Soja

Das interessiert uns die Bohne!

In Baden-Württemberg wird Soja derzeit auf rund 1.000 Hektar angebaut. Angesichts der steigenden Nachfrage auf Verbraucherseite und der ständigen Suche nach Anbaualternativen für Mais hat die ZG Raiffeisen seit einigen Jahren intensiv in den Sojaanbau investiert. Sie verfügt über eine eigene Saatgutvemehrung und betreibt die einzige Soja-Toastanlage in Baden-Württemberg.

Derzeit wird in Baden bereits auf rund 50 Hektar Sojasaatgut für ZG Raiffeisen vermehrt. So ist sichergestellt, dass die gesamte Prozesskette in einer Hand bleibt, vom Saatgut bis zum fertigen Futtermittel.

Über 90 Prozent des Sojaanbaus auf der Welt ist in den Ländern USA, Brasilien und Argentinien beheimatet. Die Anbaufläche von Sojabohnen hat sich in den letzten 20 Jahren weltweit verdoppelt, da Soja als wichtigste Eiweißpflanze immer mehr Bedeutung gewinnt. Sie enthält neben rund 40 Prozent Protein auch noch circa 19 Prozent Fett. Üblicherweise wird das Fett als Sojaöl abgepresst, das dabei entstehende Restprodukt Sojaschrot ist als hochwertiges Eiweißfuttermittel begehrt.

Es ist auch künftig zu erwarten, dass der Anbau der Sojabohne zunehmen wird. Nur so kann die steigende Weltbevölkerung mit hochwertigem Eiweiß versorgt werden. Gefragt ist vor allem gentechnikfreies Soja aus heimischem Anbau, denn Importware aus den USA ist vollständig und aus Südamerika häufig gentechnisch verändert. Gerade gentechnikfreie Sojaprodukte werden jedoch beim Verbraucher immer gefragter. Auch in Deutschland ist der Anbau dieser Kulturart daher interessant.

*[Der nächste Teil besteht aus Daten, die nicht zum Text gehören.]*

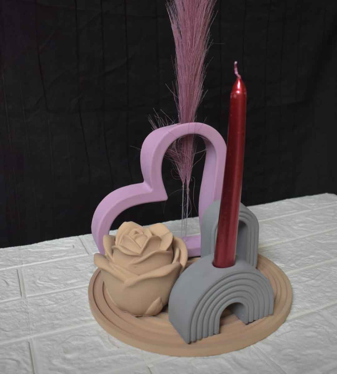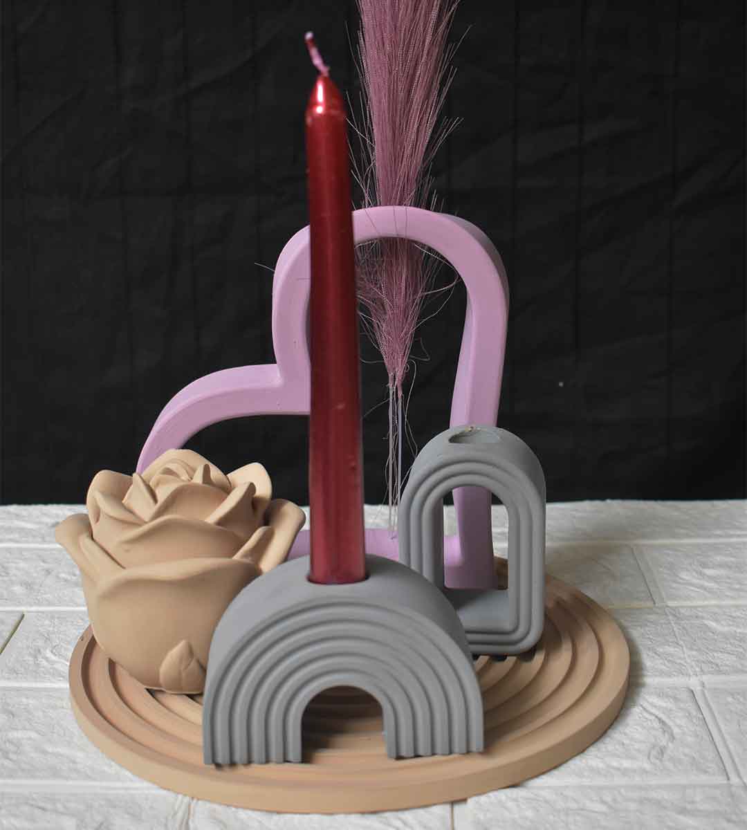 This stunning arrangement features a matte grey arch candle holder, a bold red taper candle, a sculpted rose accent, and a pastel heart frame paired with delicate dried florals. All items sit beautifully on a neutral-toned round base, creating the perfect blend of elegance, modern aesthetics, and romantic charm.

Vertragsanbau für die ZG Raiffeisen

Als geeignete Anbauregion bieten sich Körnermaislagen an. Mittlerweile stehen eine Auswahl an adaptierten Sorten in den Reifegruppen 000 (sehr früh), 000/00 (sehr früh bis früh) und 00 (früh) für den Anbau zur Verfügung. Als Faustregel gilt: Die 000 Sorten eignen sich in den Anbaulagen von Körnermais ab FAO 240 (K), die 00-Sorten sind für Körnermaislagen ab FAO 260 (K) geeignet. Für den Sojaanbau bieten wir Ihnen attraktive Anbauverträge an.

Informieren Sie sich hierzu bei Ihrem Ansprechpartner der ZG Raiffeisen – wir beraten Sie gern. Zur Optimierung der Aussaat bietet die Vertriebsregion Ortenau außerdem in einem Pilotprojekt in Zusammenarbeit mit dem hiesigen Maschinenring einen professionellen Aussaatservice an. 

Symbiose mit der Natur

Die Sojabohne lebt in Symbiose mit Stickstoffsammelnden Knöllchenbakterien (Baryrhizobium japanicum) und benötigt deshalb keine Stickstoffdüngung. Allerdings sind diese Knöllchenbakterien in unseren Böden nicht vorhanden. Deshalb muss zumindest bei erstmaligem Anbau eine Impfung mit diesen Bakterien erfolgen, die direkt am Saatgut erfolgt. Wir empfehlen, diese Impfung selbst direkt vor der Saat vorzunehmen.

Nähere Informationen zu den Impfmittel und den von uns empfohlenen Sorten erhalten Sie in Ihrer nächsten ZG Raiffeisen Agrar-Niederlassung.

Futtermittel

Die heimischen Sojabohnen werden im Raiffeisen Kraftfutterwerk in Kehl (RKW) zu Futtermitteln verarbeitet. Das RKW tritt seit vielen Jahren für eine gentechnikfreie und nachhaltige Produktion ein. Kurze Transportwege und somit eine geringe CO²-Belastung lassen die Auslobung von Futtermitteln mit ausschließlich regionalem Charakter zu. Für alle Tierarten bietet das RKW Futtermittel an, in denen regionale Sojabohnen verarbeitet sind. In den letzten Jahren wurde der heimische Vertragsanbau in Zusammenarbeit mit Betrieben aus der Region erheblich ausgedehnt.

Insgesamt verarbeitet RKW Kehl heute bereits über 1.500 Tonnen Sojabohnen aus Baden Württemberg, Rheinland Pfalz und Bayern.